The project budget is $95 million. The team has already raised $76 million towards completion of the project, including $56 million in public funds and $20 million in private donations. The 606’s unique plan presents significant, creative donor recognition opportunities, and charitable gifts of all sizes will fund at least one-third of total project costs.

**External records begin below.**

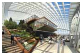
Above and far left: Computer generated images of how the building will make its mark on the London skyline.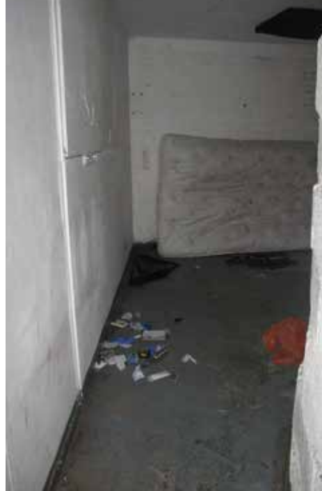
Plate 323: Arch - room 1 to immediate left from entrance (ground floor)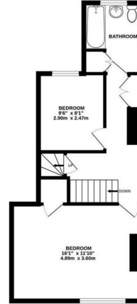
1ST FLOOR 440 sq ft (40.9 sq m.) approx.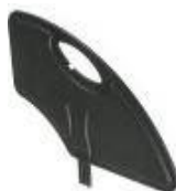
Sideguard composite detachable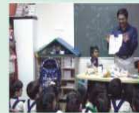
IK-III Unit of Inquiry on Personal Histories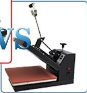
Simple and weak structure with lower pressure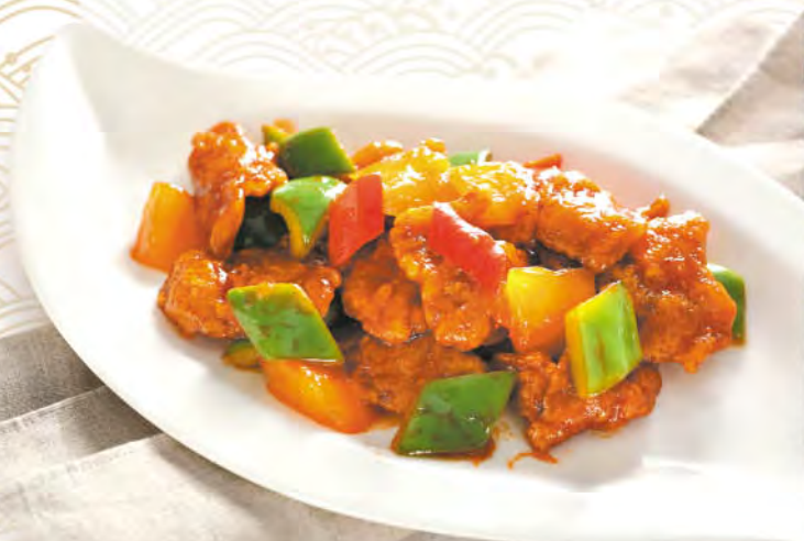
607 果香咕嚕肉 Sweet & Sour Pork with Fruit

612 鹹蛋蒸肉餅 $ 178 Steamed Minced Pork with Salted Egg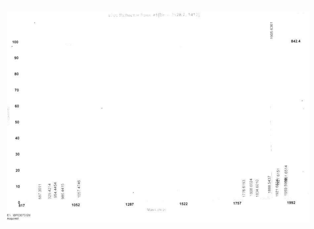
Figure 2. MASS Spectrometry of the Original Peptide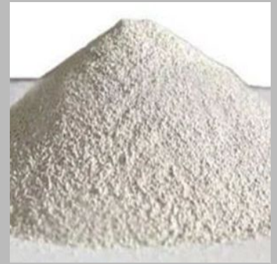
Aluminium Silicate Powder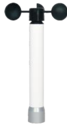
WS 010-1 (standard range WS sensor) WS 011-1 (standard range WS sensor)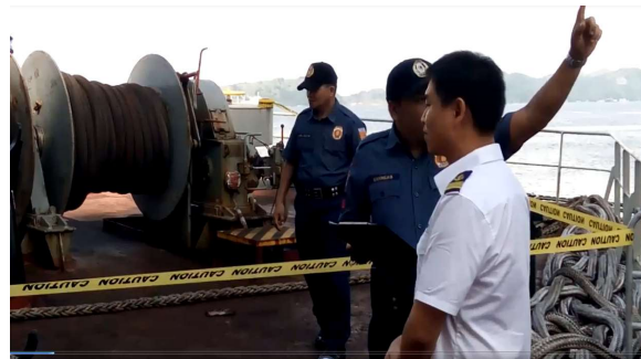
Police Officers cordon the area to secure the crime scene while discussing to the vessel captain what really transpired to the incident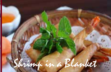
Shrimp in a Blanket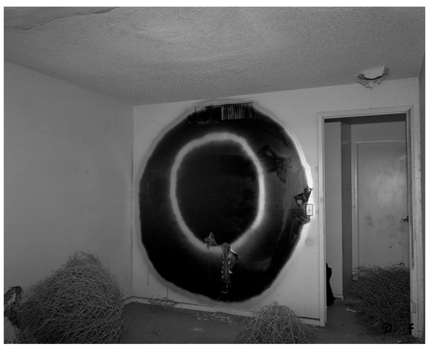
Work in Progress George Air Base, Untitled, 2015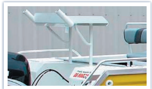
Lift out Bait Board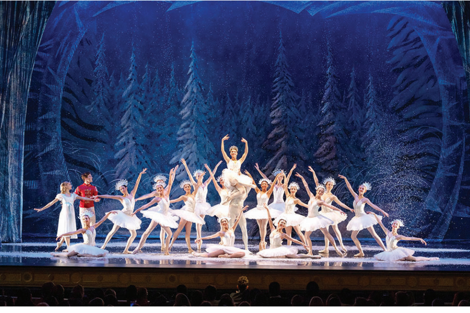
A snow-filled spectacular performance of The Nutcracker by State Street Ballet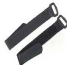
Velcro net straps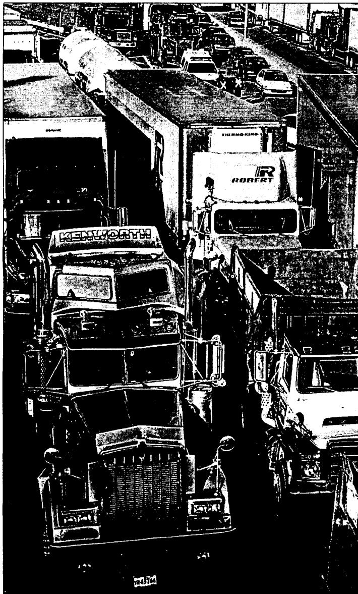
Proposed new rules for U.S. truck and bus operators will set weekly workload maximums that are 24 to 36 hours a week less than those permitted in Canada.

Predictably, the American Trucking Association (representing the larger U.S. transport companies) is crying financial distress over the new U.S. workload limits. Meanwhile, insurance and citizens groups complain that the proposals don't go far enough.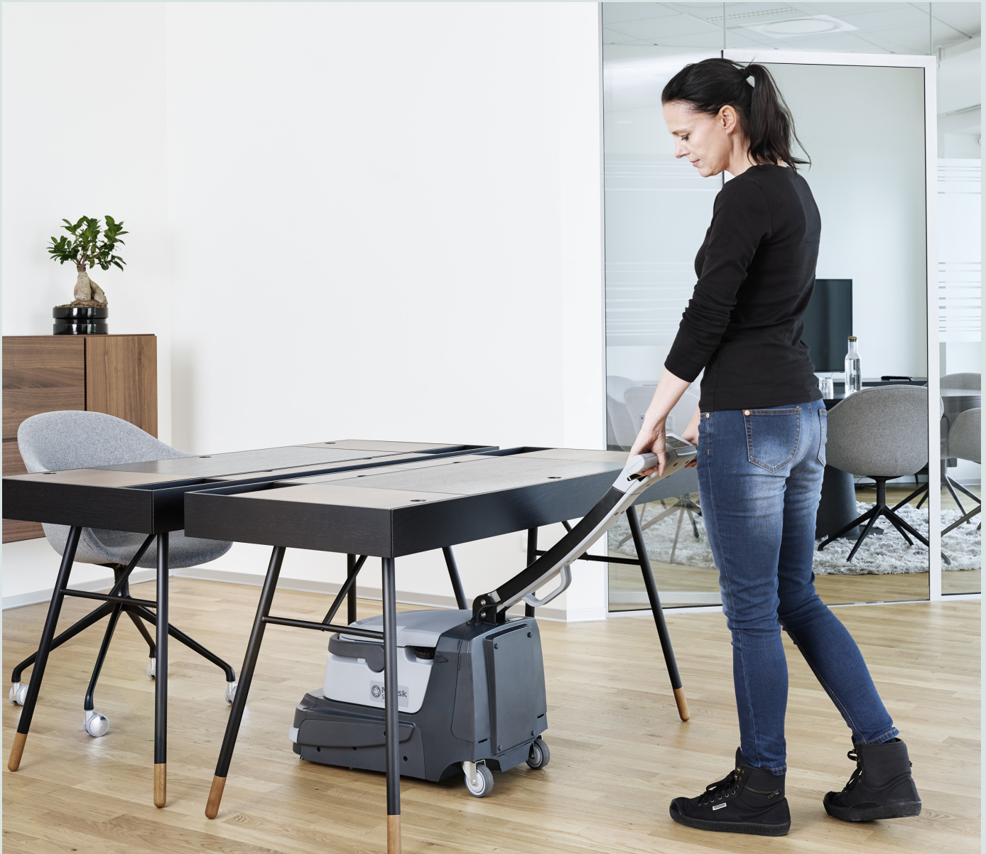
The adjustable handle which can be fixed when cleaning larger areas and unlocked when you are cleaning under furniture and shelves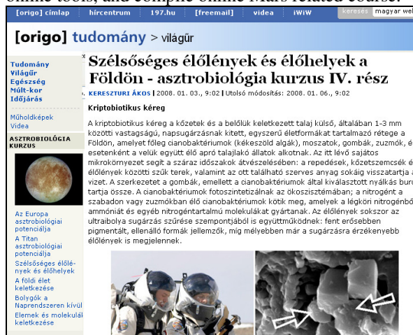
Fig. 2. Example screenshot of the website

In the next years we are to integrate astrobiology into Earth science education at university level using online tools, and compile online Mars related course.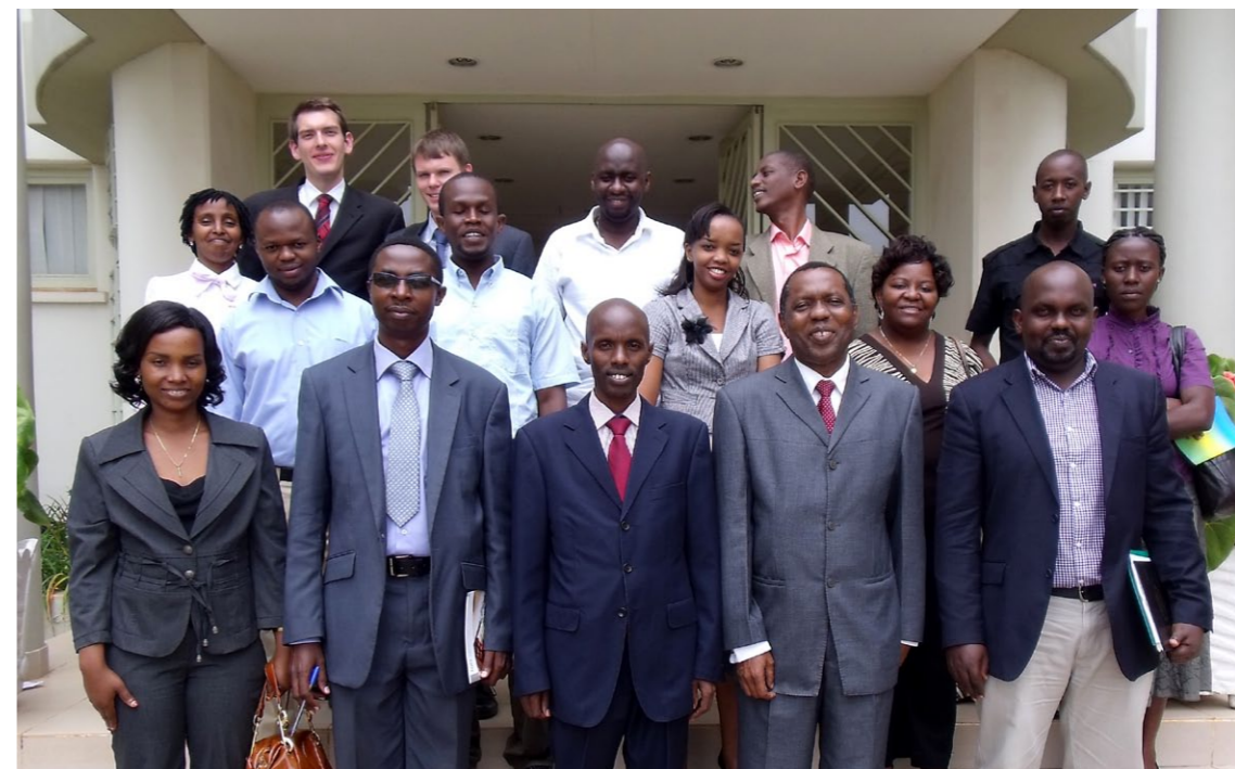
The TGCL group was received by a delegation of the Supreme Court of Rwanda.

A group of TGCL LLM students, accompanied by their student adviser and by the TGCL managers, visited the capital of Rwanda to get to know the leading Rwandan legal institutions.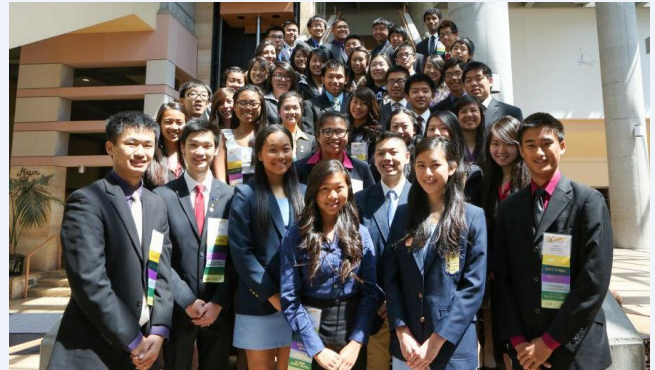
Gabriellino FBLA participates in all 12 state projects every year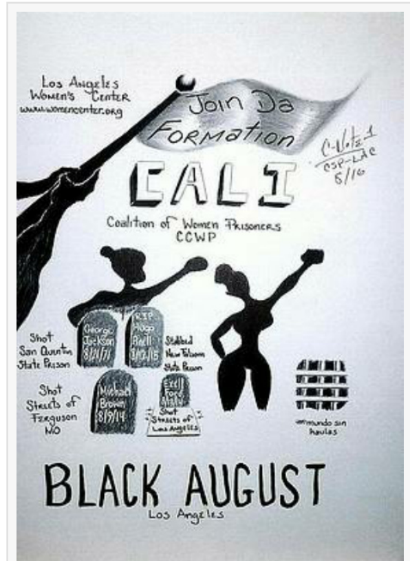
Prison Artist C-Note, Black August - Los Angeles (2016)

Each tiny work seen in the Statue of Liberty outline was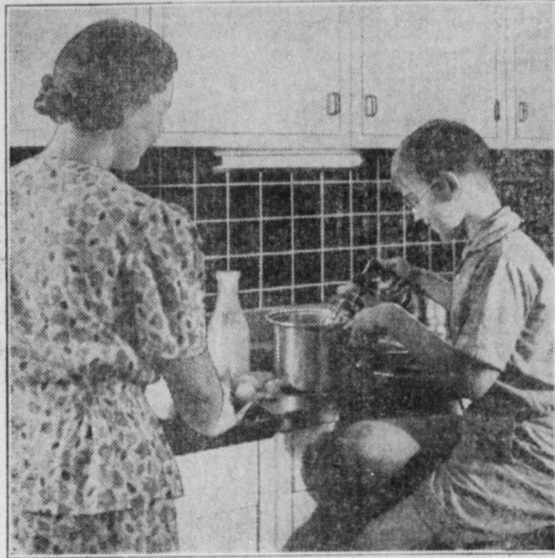
Boys, as well as girls, are invading the kitchen nowadays and finding out that cooking is fun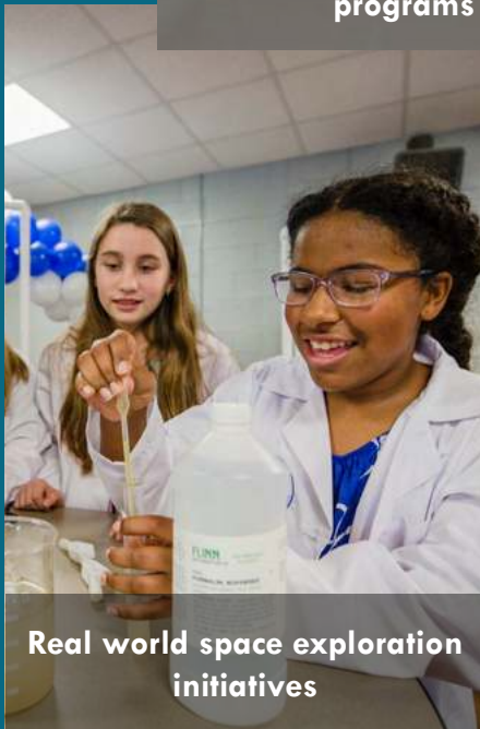
Real world space exploration initiatives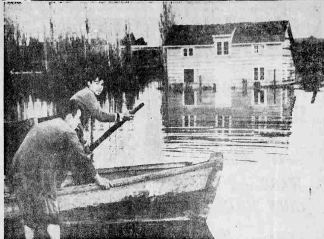
BOATS FOR TRANSPORTATION—Residents of Valdivia, Chile, use boats to get around the city and survey the damage that was done to their property in the recent earth-

quakes that rocked the area. Valdivia was among the hardest hit cities in the series of quakes that shook the South American country.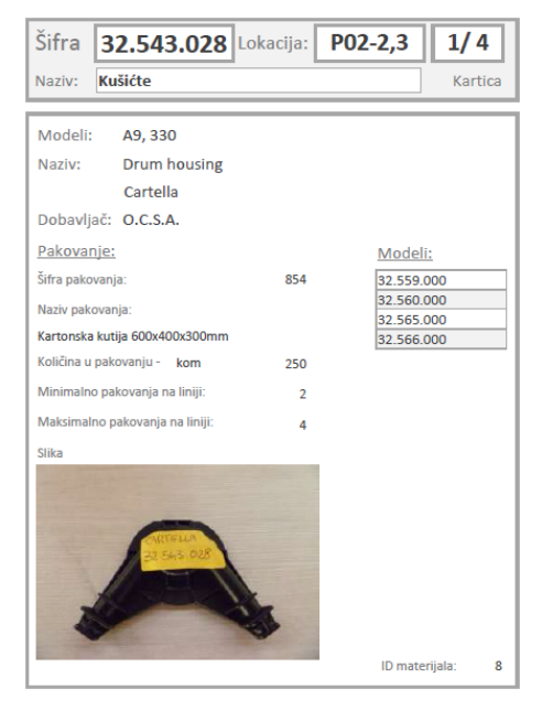
Figure 2. Kanban card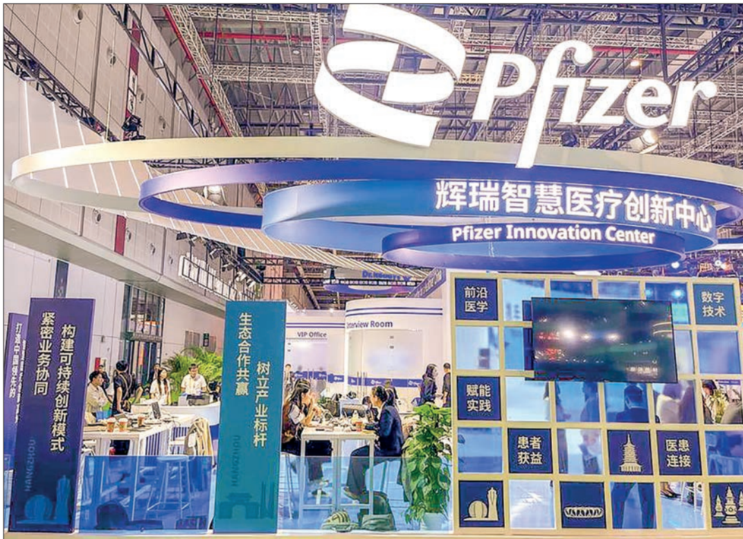
This photo shows the Pfizer booth at the 6 th China International Import Expo (CIIE) in east China's Shanghai, 8 November 2023.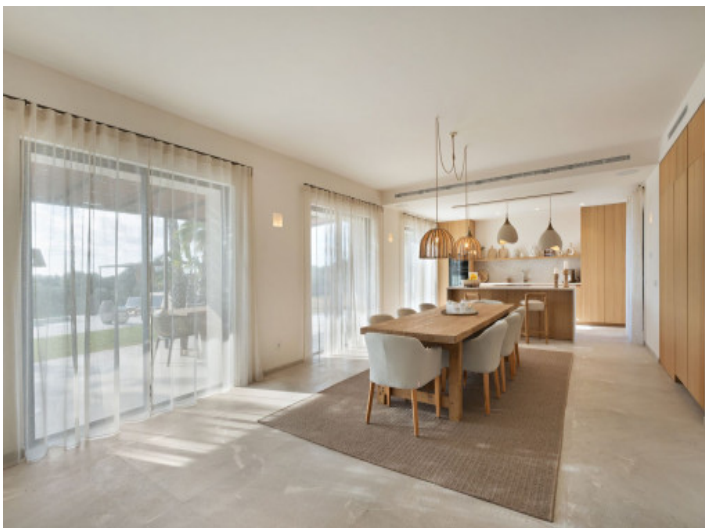
Dining area with kitchen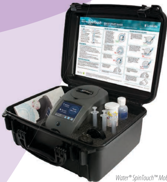
Water® SpinTouch™ Mobile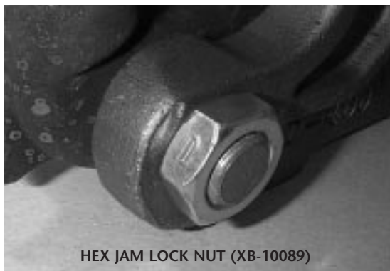
FIGURE 2 Change is necessary

If your coupler has a draft hook retaining nut that looks like the nut shown in FIGURE 2 , your coupler IS subject to this recall and you MUST replace the nut according to the procedure outlined in this service bulletin.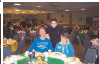
Some of our wonderful volunteers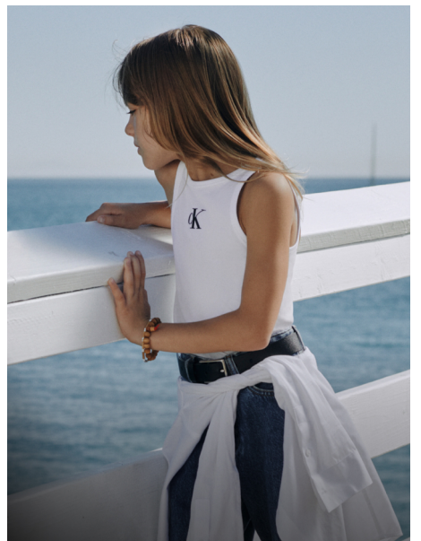
Girls Back-to-school looks in effortless layering. Suzanne Meyer

When will The 606 be complete?

The project broke ground in August 2013. The first phase of project is opening June 6, 2015.  At that time, the elevated Bloomingdale Trail—the centerpiece of the system—and four of the connected parks will be open and accessible. Additional parks, further arts integration and enhanced landscaping will follow in additional phases.

* * * * * * * * * * 

this article appeared on just over one year ago, on June 7, 2015

Chicago’s 606 is America’s newest ‘transformative’ trail

Published: June 7, 2015 7:58 p.m. ET

Chicago’s 606 park and trail system opened Saturday, becoming the Second City’s answer to New York City’s incredibly popular High Line.
Both have converted abandoned elevated rail lines into linear parks. But they differ in other ways.
The Bloomingdale Trail (named after the rail line that it once was, the Bloomingdale Line, and the adjacent street, Bloomingdale Avenue, not the store Bloomingdale’s) runs 2.7 miles across four neighborhoods, making it nearly twice the length of the High Line, which opened its third and final phase in 2014. But the estimated cost of $95 million for the entire 606 project, including new parks, makes it far, far cheaper than the High Line. And the landscaping, at least for now, is nowhere near as lush.
Unlike the High Line, bicycles are welcome on the Bloomingdale Trail. In fact, the trail is considered transit infrastructure, given that much of the money came from a Federal Highway Administration program to reduce congestion and pollution.
“Transformative” is a word officials involved in the 606 project like to use. Other cities have their own visions for trails that double as linear parks and help boost neighborhoods, just as the High Line helped do. One is Atlanta and its Beltline, now under construction and which will use four abandoned freight-line rights of way to encircle the center of the city.